Heidi Schreck’s “What the Constitution Means to Me” Is Coming to Portland Center Stage

Star Rebecca Lingafelter and director Marissa Wolf discuss staging a play that wrestles with whether the vision of the Founding Fathers can be salvaged.

Rebecca Lingafelter (T A M E R A LY N / C O U R T E S Y O F P O R T L A N D C E N T E R S T A G )

“Every time I walk out there, the world has changed,” Heidi Schreck has said of her inventive blend of theater and debate, What the Constitution Means to Me, a finalist for the 2019 Pulitzer Prize for Drama.

Schreck’s thesis is that the Constitution, and American history in general, is built on the folly of man—specifically the Founding Fathers, plus later lawmakers and judges, adding and interpreting amendments.

“Now, did they get everything right?

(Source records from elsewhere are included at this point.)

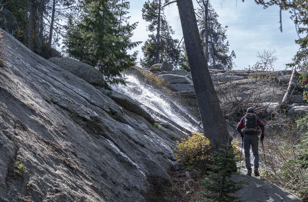 The Boulder Creek Cascade. From here, we take a left turn, do the rock scramble, and head up to the lake.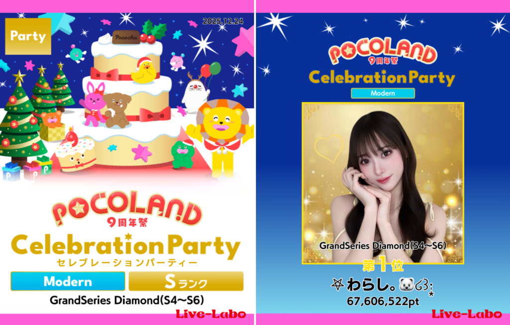 このイベントは、2025年12月11日~2025年12月17日に開催されたイベントで「POCO LAND 2025 Celebration Party 出場権利」を獲得したライバーさんのみが参加できるイベントです!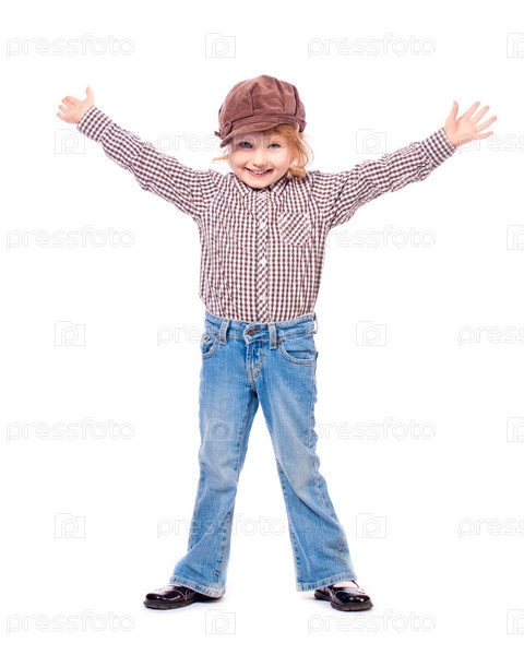 Смешная девчонка в кепке в полный рост на белом

No,” she says in character as her teenage self, speaking at the American Legion hall in Wenatchee, Wash.

Exactly one year ahead of the next presidential inauguration, Portland Center Stage will open a new production of Schreck’s play, directed by Marissa Wolf and starring Rebecca Lingafelter, an associate professor of theater at Lewis & Clark College (and the artistic co-director of Portland Experimental Theatre Ensemble).

“We decided to program this play in this season, knowing we would be heading into the election,” Wolf tells WW. “I’m so taken by Heidi Schreck’s gorgeously personal narrative. It’s a welcoming play for all to enter the dialogue.” Referring to the Legion hall setting, Wolf describes the play as “this diorama based on [Schreck’s] memories” (the playwright was born in Wenatchee in 1971).

What the Constitution Means to Me debuted in 2017 at Clubbed Thumb’s Summerworks festival in New York City, with Schreck playing the autobiographical lead role, inspired by her own experiences in debate club, as well as her ancestors. Her forebears are survivors of chillingly normalized sex-based violence (her great-grandmother Theresa was a mail-order bride who was sent from Germany to the United States and died at 36).

This, plus judicial precedent—such as Castle Rock v. Gonzales in 2005, in which the late Supreme Court Justice Antonin Scalia struck down Jessica Gonzales’s constitutional claim to enforcement of a restraining order against her husband—showed Schreck the Constitution’s failure to protect women and other historically marginalized people.

Though Schreck spent decades planning her play, its debut in 2017 came on the heels of Lin-Manuel Miranda’s smash hit Hamilton. Schreck’s and Miranda’s plays work as foils to each other. Miranda’s script focuses more on the Founding Fathers as idealists with foibles, while Schreck looks more at flaws in the system itself; Miranda has exuberantly led his cast on Broadway, while Schreck has introduced her play with frantic, often darkly humorous standup-comic energy.

“I’m a pretty physical actor,” Lingafelter says. “I work from the body a lot…[and] the text, and [Schreck’s] enthusiasm for this contest when she was young, impact my voice and how I get into her character.”

Lingafelter hopes the play impacts younger viewers. “Heidi is an extraordinary writer,” she says. “She wrote the play for her voice…[she] talks a lot about the ways younger generations influence her. I learn so much from them as well. [My students] will come see the play, and we’ll discuss it in class.”

That debate experience sets up this play’s unique selling point. Traditionally, each production has had Schreck debate a local high school student whether the U.S. Constitution should be abolished, or upheld, flaws and all.

“There’s a version where I play the proposition, and a version where I play the opposition,” Lingafelter says, “and we flip a coin for it. We’ve been studying debate format, arguments, cross examination. We’ve been watching young debaters; they’re so fast and intelligent and formal.”

“Every other show, one of two young people will perform,” Wolf adds. “For the first round, we invited them to submit a self tape, wrestling with their own relationship to the Constitution. We wanted to work with opinionated, passionate young people.”

Asked whether the recent Portland Public Schools strike affected reaching out to students and staff, Wolf said, “That was tricky timing…but we centered our audition process in December” (Alabaster C.K. Richard, a student at Cleveland High School, and Divine Crane, a student at Aloha High School, were ultimately cast as the play’s young debaters).

Preview shows will include debate sessions as well, which Wolf describes as a “truly a beautiful part of the full play. It’s intrinsically part of the experience.” For audiences, the debates might double as preparation for a likely tumultuous election year.

SEE IT: What the Constitution Means to Me plays at Portland Center Stage, 128 NW 11th Ave., 503-445-3700, pcs.org. 7:30 pm Wednesday-Sunday, 2 pm Saturday-Sunday, 2 pm select Thursdays, Jan. 20-Feb. 18. $24-$93.